» **WHAT YOU ARE ASKED TO DO**:
Exact reproduction required: the lines below from the line with "锅中放油翻炒肉丝(肉丝被我切成肉片了 囧)变色出锅备用" to the line with "The MotoTec Electric", both ends included, and no others.

━━ SUPPLIED INFORMATION

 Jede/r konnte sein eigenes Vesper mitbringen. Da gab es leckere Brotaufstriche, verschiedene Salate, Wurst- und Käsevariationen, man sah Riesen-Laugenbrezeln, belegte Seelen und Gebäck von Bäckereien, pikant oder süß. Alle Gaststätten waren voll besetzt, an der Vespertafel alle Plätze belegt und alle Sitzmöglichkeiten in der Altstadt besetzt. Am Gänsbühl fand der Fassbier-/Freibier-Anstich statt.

━━━━
━━ SUPPLIED INFORMATION

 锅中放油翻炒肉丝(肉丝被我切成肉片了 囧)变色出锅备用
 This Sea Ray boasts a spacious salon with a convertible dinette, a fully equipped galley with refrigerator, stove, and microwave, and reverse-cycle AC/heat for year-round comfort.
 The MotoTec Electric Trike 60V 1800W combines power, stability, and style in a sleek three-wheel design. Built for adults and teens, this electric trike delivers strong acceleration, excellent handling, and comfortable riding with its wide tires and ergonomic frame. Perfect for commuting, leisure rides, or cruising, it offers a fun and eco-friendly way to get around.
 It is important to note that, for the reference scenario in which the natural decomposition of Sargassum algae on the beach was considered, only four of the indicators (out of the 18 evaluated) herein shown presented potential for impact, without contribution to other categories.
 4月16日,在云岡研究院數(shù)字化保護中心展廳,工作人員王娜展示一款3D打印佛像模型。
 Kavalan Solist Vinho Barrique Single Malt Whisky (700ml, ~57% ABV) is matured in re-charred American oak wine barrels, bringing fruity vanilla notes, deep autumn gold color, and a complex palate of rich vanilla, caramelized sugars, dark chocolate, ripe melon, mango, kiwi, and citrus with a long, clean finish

━━━━

» **ANSWER TO THE PROBLEM**:
 锅中放油翻炒肉丝(肉丝被我切成肉片了 囧)变色出锅备用
 This Sea Ray boasts a spacious salon with a convertible dinette, a fully equipped galley with refrigerator, stove, and microwave, and reverse-cycle AC/heat for year-round comfort.
 The MotoTec Electric Trike 60V 1800W combines power, stability, and style in a sleek three-wheel design. Built for adults and teens, this electric trike delivers strong acceleration, excellent handling, and comfortable riding with its wide tires and ergonomic frame. Perfect for commuting, leisure rides, or cruising, it offers a fun and eco-friendly way to get around.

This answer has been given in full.